__Required action__. Using the records below, output the stretch that opens with the line containing "Figure 1: Monthly" and closes with the line containing "大きな窓をキャンバスに、思い", exactly and including both lines, with nothing more.

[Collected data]
=-=-=-=-=
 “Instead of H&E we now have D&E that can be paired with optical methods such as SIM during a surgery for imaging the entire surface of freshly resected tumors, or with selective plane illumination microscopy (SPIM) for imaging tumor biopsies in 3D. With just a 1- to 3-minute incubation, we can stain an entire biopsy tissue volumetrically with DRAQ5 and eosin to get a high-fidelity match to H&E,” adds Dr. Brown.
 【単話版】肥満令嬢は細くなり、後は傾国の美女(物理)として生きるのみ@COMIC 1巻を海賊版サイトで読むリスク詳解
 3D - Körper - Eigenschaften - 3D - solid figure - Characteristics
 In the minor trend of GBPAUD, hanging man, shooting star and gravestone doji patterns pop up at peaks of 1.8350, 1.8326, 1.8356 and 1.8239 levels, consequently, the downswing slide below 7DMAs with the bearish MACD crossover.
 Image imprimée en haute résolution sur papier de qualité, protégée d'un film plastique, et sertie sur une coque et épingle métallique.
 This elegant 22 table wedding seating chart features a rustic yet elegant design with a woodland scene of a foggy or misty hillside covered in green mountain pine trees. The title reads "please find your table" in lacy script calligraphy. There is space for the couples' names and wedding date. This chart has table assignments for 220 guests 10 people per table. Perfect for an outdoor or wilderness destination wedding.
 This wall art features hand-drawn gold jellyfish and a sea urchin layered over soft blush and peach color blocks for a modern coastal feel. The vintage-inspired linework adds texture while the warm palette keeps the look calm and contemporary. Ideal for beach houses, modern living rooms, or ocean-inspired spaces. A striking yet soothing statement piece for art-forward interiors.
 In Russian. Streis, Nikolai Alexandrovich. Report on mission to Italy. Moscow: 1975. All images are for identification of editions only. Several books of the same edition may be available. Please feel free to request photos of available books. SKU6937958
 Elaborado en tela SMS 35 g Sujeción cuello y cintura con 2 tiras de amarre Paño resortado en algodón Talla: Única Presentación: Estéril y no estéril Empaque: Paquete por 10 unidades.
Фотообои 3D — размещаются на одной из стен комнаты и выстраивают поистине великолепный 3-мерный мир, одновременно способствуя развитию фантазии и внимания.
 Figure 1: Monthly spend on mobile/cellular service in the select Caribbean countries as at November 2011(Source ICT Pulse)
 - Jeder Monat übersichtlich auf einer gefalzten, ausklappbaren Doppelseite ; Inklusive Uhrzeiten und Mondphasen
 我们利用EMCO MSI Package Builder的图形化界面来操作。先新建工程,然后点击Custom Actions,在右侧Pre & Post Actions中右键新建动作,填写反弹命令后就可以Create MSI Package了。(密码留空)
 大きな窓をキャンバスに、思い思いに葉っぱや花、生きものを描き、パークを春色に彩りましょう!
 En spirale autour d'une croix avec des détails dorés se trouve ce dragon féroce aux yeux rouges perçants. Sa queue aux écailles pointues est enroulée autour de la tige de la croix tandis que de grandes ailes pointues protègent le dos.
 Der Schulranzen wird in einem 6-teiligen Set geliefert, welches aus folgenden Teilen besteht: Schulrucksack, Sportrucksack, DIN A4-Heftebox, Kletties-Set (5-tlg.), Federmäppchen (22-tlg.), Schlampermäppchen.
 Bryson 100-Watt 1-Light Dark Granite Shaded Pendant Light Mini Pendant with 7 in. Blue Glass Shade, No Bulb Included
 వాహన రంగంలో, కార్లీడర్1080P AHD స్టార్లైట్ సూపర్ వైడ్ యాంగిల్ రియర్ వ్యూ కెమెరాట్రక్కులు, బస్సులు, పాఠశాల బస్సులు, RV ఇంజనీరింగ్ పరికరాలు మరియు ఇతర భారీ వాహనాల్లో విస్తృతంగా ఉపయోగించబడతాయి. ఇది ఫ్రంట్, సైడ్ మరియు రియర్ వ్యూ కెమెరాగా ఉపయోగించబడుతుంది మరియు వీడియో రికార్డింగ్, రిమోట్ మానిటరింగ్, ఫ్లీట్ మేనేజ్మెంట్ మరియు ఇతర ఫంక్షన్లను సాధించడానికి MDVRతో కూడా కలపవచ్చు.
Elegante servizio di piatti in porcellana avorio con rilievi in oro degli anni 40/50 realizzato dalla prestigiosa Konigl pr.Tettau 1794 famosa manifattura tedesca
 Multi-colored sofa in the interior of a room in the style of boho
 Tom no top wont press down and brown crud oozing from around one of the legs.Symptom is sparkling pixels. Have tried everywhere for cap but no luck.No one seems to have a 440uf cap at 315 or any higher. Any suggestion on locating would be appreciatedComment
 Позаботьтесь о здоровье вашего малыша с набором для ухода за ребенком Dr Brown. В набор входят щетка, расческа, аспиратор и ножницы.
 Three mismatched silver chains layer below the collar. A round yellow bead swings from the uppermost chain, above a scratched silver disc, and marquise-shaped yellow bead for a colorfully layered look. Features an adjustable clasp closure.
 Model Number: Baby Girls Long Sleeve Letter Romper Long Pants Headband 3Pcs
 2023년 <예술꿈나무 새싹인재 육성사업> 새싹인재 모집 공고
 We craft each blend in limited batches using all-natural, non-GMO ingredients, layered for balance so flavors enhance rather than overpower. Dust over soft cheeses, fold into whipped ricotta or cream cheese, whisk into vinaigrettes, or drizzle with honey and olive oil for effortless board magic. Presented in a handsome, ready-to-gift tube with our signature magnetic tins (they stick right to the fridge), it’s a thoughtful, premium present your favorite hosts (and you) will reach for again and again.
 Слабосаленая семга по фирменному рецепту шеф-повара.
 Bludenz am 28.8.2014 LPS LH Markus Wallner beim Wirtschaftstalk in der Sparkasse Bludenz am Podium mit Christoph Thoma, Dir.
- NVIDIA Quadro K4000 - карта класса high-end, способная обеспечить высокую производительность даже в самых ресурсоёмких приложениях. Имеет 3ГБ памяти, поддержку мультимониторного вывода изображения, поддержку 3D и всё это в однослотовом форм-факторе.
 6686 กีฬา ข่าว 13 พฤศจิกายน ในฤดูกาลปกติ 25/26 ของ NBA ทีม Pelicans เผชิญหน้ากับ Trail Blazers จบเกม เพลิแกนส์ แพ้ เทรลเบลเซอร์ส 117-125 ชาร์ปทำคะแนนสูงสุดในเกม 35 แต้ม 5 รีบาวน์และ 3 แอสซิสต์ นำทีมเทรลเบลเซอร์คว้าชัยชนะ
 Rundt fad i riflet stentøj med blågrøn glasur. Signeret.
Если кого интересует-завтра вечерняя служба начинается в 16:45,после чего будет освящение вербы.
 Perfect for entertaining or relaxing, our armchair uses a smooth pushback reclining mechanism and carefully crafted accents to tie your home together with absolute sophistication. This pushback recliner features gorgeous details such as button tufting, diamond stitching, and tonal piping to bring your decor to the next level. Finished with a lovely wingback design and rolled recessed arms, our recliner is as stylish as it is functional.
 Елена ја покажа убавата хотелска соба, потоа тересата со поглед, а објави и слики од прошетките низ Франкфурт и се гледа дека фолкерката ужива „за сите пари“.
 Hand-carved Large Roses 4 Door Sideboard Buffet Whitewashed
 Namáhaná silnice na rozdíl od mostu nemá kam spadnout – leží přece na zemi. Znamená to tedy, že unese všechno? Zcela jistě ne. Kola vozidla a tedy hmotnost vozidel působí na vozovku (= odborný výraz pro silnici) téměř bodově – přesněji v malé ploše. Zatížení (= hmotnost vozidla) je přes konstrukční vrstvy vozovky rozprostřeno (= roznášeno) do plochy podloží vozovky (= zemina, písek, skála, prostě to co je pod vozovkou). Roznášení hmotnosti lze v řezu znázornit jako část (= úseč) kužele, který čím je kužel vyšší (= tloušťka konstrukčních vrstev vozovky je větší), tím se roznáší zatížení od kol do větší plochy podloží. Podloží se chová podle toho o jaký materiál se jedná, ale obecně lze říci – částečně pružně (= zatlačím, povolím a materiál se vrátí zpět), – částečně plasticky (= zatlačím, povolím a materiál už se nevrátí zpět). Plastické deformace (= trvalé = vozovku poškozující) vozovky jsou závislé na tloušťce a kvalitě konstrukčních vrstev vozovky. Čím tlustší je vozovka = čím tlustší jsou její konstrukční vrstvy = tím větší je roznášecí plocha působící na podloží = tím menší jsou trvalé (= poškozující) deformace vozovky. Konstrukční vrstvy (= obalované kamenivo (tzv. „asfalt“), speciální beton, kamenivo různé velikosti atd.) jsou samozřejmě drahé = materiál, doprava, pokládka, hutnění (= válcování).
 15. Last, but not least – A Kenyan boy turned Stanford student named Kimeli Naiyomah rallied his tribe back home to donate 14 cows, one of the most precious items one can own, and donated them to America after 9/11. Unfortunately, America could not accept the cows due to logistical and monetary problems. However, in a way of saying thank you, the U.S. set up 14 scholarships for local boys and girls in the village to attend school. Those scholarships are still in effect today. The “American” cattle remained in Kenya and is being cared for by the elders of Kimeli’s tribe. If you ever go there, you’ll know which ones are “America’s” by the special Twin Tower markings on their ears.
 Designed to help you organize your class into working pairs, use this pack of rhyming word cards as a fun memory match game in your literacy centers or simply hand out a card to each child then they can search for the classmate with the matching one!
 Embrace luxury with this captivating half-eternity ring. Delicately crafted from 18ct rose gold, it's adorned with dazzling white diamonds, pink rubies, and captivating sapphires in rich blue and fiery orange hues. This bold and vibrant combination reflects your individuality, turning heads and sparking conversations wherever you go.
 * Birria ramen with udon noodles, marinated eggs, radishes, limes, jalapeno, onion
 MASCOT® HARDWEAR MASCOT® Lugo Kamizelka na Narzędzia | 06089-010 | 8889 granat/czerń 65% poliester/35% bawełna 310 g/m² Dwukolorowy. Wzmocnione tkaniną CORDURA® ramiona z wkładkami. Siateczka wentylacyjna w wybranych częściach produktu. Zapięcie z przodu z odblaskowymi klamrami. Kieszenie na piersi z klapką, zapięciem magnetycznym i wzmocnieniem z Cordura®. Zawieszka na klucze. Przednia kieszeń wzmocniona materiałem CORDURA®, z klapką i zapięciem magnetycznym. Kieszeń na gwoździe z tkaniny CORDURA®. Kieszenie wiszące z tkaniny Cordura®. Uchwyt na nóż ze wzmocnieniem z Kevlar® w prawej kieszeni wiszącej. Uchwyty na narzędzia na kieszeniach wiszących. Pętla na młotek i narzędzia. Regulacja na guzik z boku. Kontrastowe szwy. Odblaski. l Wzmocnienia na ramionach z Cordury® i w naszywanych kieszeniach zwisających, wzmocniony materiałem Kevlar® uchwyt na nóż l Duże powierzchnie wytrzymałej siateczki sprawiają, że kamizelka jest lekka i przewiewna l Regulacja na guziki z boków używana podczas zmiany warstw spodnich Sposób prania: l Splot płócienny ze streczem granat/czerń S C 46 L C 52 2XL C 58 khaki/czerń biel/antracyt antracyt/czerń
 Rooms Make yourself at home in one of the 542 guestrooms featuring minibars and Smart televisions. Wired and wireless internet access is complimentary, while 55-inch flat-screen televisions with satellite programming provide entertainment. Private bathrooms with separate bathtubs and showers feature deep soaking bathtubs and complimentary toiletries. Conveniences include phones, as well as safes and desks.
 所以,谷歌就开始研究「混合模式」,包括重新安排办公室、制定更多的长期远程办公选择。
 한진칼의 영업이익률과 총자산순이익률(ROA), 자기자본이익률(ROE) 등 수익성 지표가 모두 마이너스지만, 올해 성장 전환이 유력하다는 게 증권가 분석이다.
=-=-=-=-=
__Final answer__.
 Figure 1: Monthly spend on mobile/cellular service in the select Caribbean countries as at November 2011(Source ICT Pulse)
 - Jeder Monat übersichtlich auf einer gefalzten, ausklappbaren Doppelseite ; Inklusive Uhrzeiten und Mondphasen
 我们利用EMCO MSI Package Builder的图形化界面来操作。先新建工程,然后点击Custom Actions,在右侧Pre & Post Actions中右键新建动作,填写反弹命令后就可以Create MSI Package了。(密码留空)
 大きな窓をキャンバスに、思い思いに葉っぱや花、生きものを描き、パークを春色に彩りましょう!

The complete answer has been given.